Ahhh - so in other words, the pipe burst in the easement the city has against your property. Because of construction that an inspection to your property didn't reveal. Again, that sucks. It does not a conspiracy make, however. I'm sure that if an inspection had caught the work, laws would have been enforced. Otherwise the city is on the hook and the city doesn't like spending money (as you've seen). The only roads that ever get worked on are the main roads, because the main roads are the ones with the most traffic on them. But if that doesn't work for a lot of people, they set up shop elsewhere and suddenly Lansdale doesn't have the tax base to do what needs to be done and things change so they can attract business back. Again - facilitating trade. "Fans of sausage and politics should not watch either being made." - Otto von Bismarck
Have you ever read any of Richard Pipes's writing? He argues that the purpose of government is to protect private property, and that facilitating trade is one embodiment of that role. The different forms of government, then, arise based on whose property is being protected, whether it be a patrimonial system, in which the king owns all, or a liberal democracy in which many citizens may own property of some sort.
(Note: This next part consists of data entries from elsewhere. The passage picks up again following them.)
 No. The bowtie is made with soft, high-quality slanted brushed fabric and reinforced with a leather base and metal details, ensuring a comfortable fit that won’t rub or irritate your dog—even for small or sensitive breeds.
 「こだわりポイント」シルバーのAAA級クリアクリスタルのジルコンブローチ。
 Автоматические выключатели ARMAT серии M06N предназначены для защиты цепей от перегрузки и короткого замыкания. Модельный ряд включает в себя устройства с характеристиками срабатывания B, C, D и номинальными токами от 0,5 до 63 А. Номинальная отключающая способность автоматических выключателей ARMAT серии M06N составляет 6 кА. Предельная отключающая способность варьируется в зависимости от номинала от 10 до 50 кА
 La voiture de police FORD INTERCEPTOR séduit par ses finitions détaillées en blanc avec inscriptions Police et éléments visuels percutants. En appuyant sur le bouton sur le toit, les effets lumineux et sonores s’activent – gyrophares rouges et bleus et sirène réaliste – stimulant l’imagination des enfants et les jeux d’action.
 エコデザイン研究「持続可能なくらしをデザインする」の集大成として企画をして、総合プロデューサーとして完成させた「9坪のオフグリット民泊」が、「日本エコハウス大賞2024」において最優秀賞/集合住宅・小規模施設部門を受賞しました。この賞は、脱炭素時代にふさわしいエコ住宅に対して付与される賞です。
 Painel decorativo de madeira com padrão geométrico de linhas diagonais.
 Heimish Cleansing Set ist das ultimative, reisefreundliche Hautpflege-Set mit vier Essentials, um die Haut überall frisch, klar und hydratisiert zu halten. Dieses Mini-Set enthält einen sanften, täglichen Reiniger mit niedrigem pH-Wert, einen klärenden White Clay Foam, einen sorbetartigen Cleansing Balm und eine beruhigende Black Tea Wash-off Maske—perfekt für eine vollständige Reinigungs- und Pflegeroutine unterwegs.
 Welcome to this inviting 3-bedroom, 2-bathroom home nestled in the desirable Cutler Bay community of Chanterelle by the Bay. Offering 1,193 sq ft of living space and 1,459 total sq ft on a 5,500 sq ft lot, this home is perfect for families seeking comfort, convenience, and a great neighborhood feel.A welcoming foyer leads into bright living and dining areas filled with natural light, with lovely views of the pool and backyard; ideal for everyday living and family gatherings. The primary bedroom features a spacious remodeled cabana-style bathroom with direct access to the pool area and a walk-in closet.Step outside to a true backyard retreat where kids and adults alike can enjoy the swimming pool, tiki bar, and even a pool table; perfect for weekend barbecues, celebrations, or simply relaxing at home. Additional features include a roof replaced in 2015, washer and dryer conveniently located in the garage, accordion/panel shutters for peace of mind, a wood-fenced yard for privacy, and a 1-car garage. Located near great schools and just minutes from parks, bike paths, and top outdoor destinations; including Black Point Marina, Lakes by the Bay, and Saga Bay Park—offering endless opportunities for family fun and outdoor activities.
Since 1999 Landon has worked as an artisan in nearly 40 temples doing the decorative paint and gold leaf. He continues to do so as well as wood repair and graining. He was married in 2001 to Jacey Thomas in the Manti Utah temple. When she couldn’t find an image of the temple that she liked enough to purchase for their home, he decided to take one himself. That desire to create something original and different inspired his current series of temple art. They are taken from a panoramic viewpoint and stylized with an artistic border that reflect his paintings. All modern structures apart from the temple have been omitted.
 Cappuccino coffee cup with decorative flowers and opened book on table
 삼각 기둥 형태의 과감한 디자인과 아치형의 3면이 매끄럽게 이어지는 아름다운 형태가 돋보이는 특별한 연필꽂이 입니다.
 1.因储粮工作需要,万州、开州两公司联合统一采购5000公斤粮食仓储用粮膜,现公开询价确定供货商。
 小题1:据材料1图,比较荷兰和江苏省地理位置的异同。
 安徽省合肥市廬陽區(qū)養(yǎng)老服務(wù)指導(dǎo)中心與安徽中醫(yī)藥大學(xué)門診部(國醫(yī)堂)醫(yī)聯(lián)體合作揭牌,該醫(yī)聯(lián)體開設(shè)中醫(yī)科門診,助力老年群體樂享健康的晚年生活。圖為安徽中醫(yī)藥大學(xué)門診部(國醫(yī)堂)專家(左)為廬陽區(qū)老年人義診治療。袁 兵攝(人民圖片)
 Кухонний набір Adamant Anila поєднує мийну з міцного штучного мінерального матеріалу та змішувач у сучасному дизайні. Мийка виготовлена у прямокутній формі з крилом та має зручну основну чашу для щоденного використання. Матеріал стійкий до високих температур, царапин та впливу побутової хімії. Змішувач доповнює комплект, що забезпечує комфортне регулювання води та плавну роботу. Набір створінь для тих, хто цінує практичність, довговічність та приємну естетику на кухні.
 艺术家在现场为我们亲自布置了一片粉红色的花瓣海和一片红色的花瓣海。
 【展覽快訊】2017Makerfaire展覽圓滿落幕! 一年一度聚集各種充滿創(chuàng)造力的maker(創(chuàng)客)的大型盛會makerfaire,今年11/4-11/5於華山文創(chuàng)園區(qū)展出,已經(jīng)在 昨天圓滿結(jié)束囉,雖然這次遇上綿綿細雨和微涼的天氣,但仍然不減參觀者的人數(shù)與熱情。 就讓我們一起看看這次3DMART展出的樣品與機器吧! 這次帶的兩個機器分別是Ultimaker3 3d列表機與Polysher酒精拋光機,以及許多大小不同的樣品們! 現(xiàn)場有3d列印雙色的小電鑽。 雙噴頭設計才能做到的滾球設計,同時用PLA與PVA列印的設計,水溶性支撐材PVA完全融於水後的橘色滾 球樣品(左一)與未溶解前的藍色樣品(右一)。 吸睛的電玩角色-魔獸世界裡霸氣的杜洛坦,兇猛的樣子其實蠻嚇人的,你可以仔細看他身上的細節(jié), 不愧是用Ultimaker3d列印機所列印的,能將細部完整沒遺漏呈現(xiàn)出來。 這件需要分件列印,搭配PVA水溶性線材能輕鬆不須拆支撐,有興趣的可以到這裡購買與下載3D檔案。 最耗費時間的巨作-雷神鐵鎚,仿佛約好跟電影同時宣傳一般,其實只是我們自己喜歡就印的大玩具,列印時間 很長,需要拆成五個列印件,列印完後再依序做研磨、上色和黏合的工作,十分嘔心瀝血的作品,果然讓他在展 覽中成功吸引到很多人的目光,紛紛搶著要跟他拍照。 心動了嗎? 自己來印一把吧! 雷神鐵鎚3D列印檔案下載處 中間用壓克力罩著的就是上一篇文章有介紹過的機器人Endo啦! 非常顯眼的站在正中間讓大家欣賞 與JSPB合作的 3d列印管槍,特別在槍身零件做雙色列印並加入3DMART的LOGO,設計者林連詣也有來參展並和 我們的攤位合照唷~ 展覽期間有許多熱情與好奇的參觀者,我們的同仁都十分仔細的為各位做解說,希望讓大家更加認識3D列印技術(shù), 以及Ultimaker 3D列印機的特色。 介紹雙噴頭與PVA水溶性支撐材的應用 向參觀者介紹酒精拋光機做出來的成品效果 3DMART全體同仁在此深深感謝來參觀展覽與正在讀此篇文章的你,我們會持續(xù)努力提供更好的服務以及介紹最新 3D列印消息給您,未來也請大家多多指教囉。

I have read two of his books, Property and Freedom, and The Russian Revolution. They are both pretty fascinating. I saw you recently had a baby, so I would suggest starting with Property and Freedom; The Russian Revolution is a volume that requires a whole lot of spare time to digest. Anyway P&F really gives some insight into why the Soviet Union happened in the first place, while Western countries by and large developed into liberal democracies, so its definitely worth reading.
I've not read it, so I don't really have an opinion. What I can say based on the two that I've read is that he is way more gifted as a writer--independent of his erudition, which is also top notch--than most academic writers I've come across. Given that, I'm sure most of his books are worthwhile.
FWIW: The "most effective marketing campaign" has been, and continues to be the one the christians are waging globally. IMO. Pretty solid ROI.